It's the most important tool to achieving the American Dream
Since its inception in the human language, “hustle” has carried a distinct energy. It has meant different things to different people. The original term derived in the late 1600s from the middle Dutch word “hutselen,” a verb meaning to “shake things up.” But over the past few years, the word hustle has evolved from a dirty word meaning “to steal” or “to con” to an inspirational catchall verb meaning “to make something happen” or “to push forward in spite of the odds or obstacles in one’s way.”
This most recent drift in the word’s meaning is not accidental, nor is it trivial. This change portends big shifts in our culture, from the way we raise our children to the way we interact with the traditional socioeconomic institutions of the world—from the corporations that employ us to the entrepreneurial forces that compel us to create new companies to the governments that regulate us and the educational system that teaches us.
But the current rate of economic and cultural change we are experiencing right now is unprecedented, and hustle demands a new definition.
We define hustle as:
Decisive movement toward a goal, however indirect, by which the motion itself manufactures luck, surfaces hidden opportunities, and charges our lives with more money, meaning, and momentum.
Hustle’s redefined meaning not only captures its essence in a useful manner, but also acts as an unmistakable expression of today’s zeitgeist, a strategy for benefiting from a fast-moving and uncertain world, one in which globalization and the prospect of ravenous software eating the world (and our jobs) impact our family’s lives and our careers in real time.
In the face of such volatility, we seek agency, a way to exert our power and presence and find a place of permanence; we seek a way to achieve more self-direction, confidence, and a well of opportunity to sustain us.
Hustle is how we use our idiosyncrasies to find our unique means and our own personal successes.
Discovering our own way forward, not blindly aping the success of others, is the truest way forward. Hustle is the most important tool of the New American Dream, in which we reassert power and control over the system by owning our dreams. To fully own your dreams, you need three fundamental pillars: money, meaning, and momentum. And these pillars are the gifts which hustle bestows upon you.
There are three unseen laws of hustle: 1) Do something that moves you. 2) Keep your head up and look for opportunity. 3) Seal the deal and make it real.
The first step is to find the heart of your true talents by taking the time and effort to allow them to come to the surface. Despite our best intentions, our talents often remain buried and elusive, hidden underneath the shoulds, maybes and wishes of our rented dreams. The best thing we can do to remedy this tragic waste of potential is to expose ourselves to challenging projects and environments in our work and life and to focus on the unexpected strengths that will rise to the surface when we do so.
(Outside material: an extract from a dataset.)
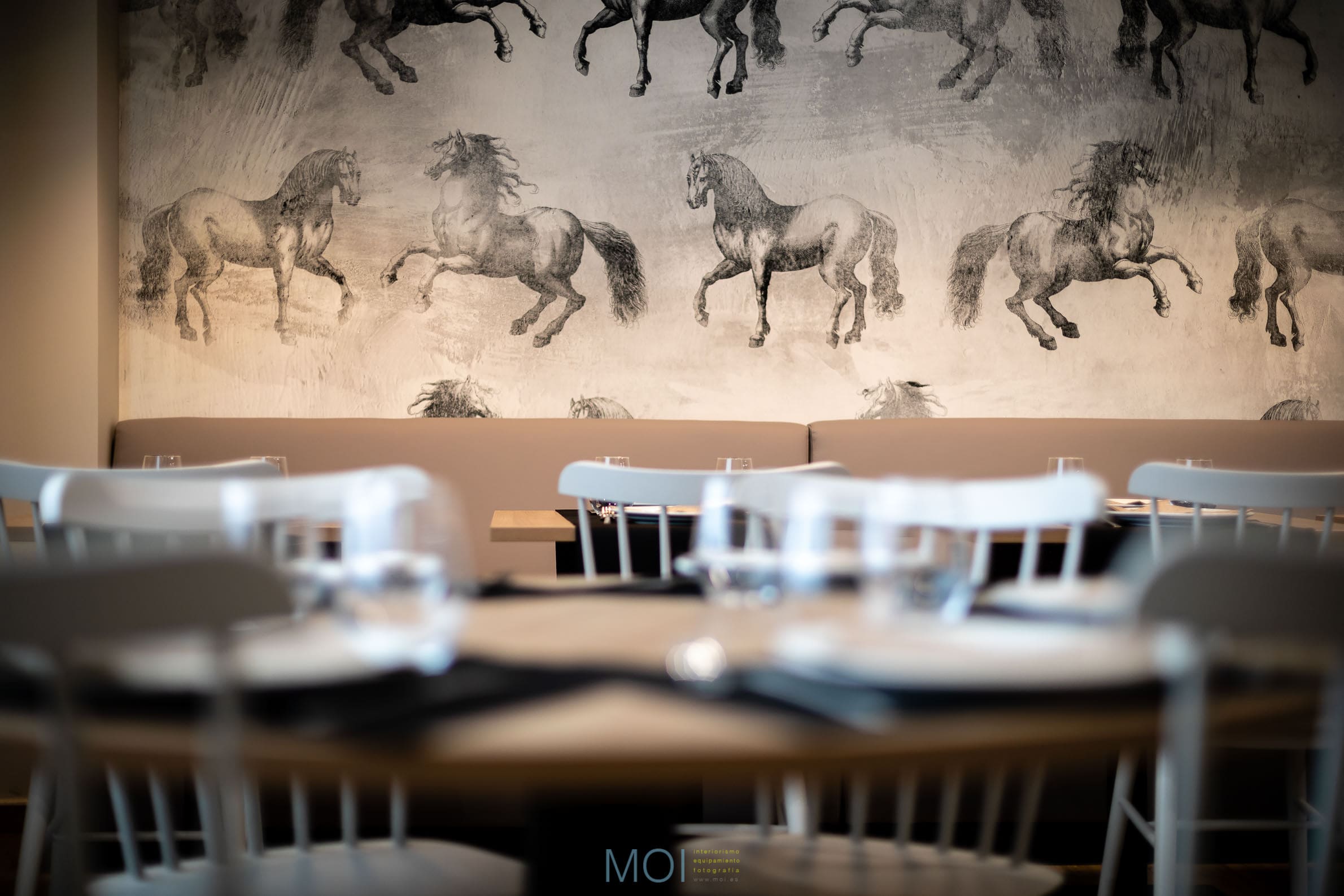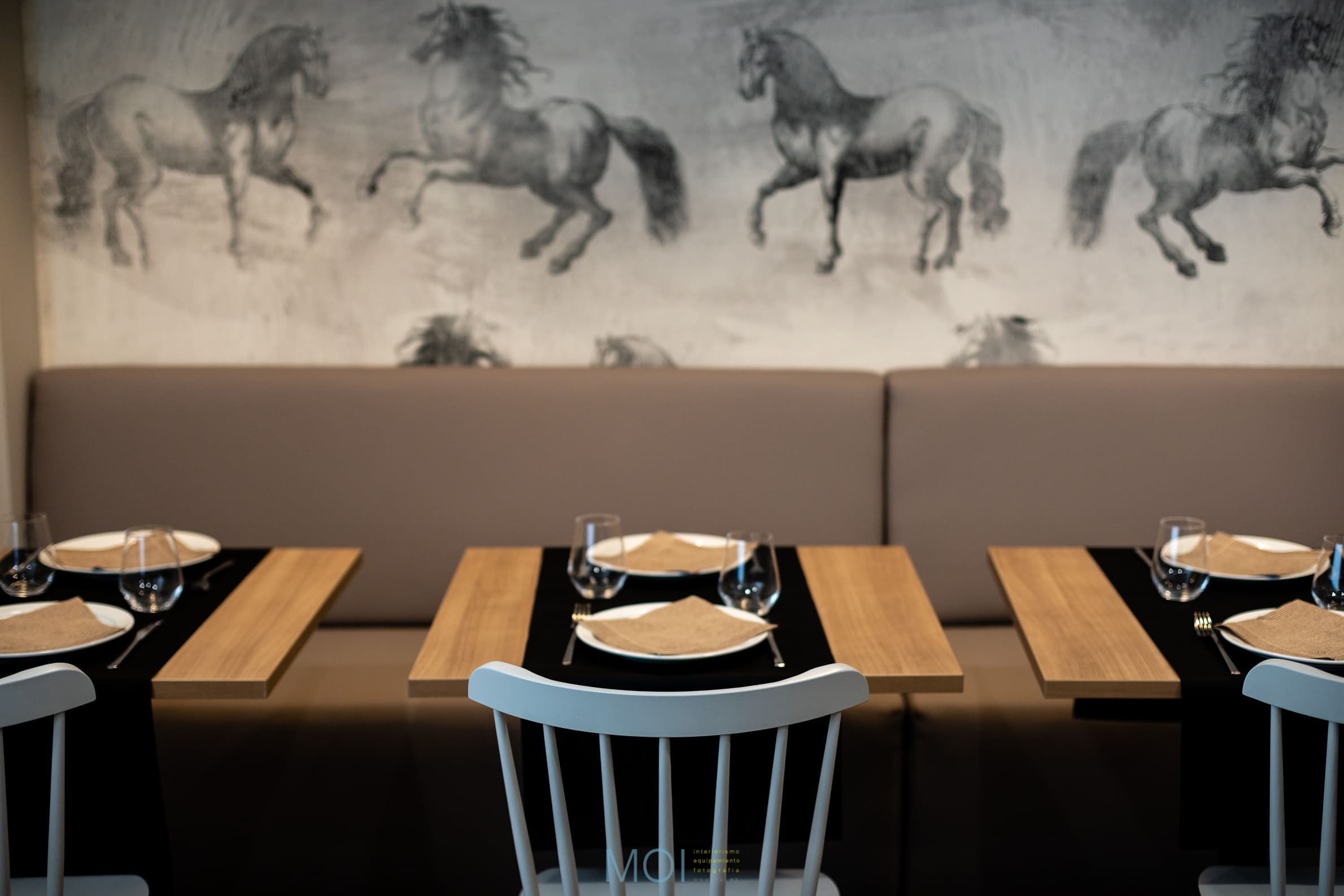 La elección del mobiliario, los colores, los acabados, los papeles pintados, las cortinas, el mobiliario a medida… Todo se relaciona para crear un conjunto homogéneo, acogedor y elegante donde disfrutar del placer de la buena gastronomía.

The second step is to realize in small doses, stress actually helps us grow our future skills and knowledge and helps us anticipate and solve complex challenges. Once you have accepted that small amounts of pain are actually the greatest agents for growth, you can begin to think about your future more boldly. Have a great but somewhat risky idea that has terrific potential but isn’t a 100% sure thing? It turns out, it’s not the number of hits or home runs we get that matters; we can instead manifest our success by simply stepping up to the plate more often.
The third step is to develop your own Personal Opportunity Portfolio, a guiding plan for organizing and making sense of all your hustle efforts and following through to achieve your goals.
As we move along our journey, there will, of course, be bumps along the way. Sometimes we will fail and need to regroup. Sometimes a plan will have unintended outcomes that you need to step back and make sense of. The indirect nature of hustle makes each individual journey significant. And doing the wrong thing (falling in love with the wrong type of person, taking a job for the wrong reasons, trying to become someone you are incapable of becoming) is often a necessary step toward finding that right thing.
There are multiple approaches to getting ahead and moving forward in your work or career plan, and all of them will be enhanced once you have learned how to hustle.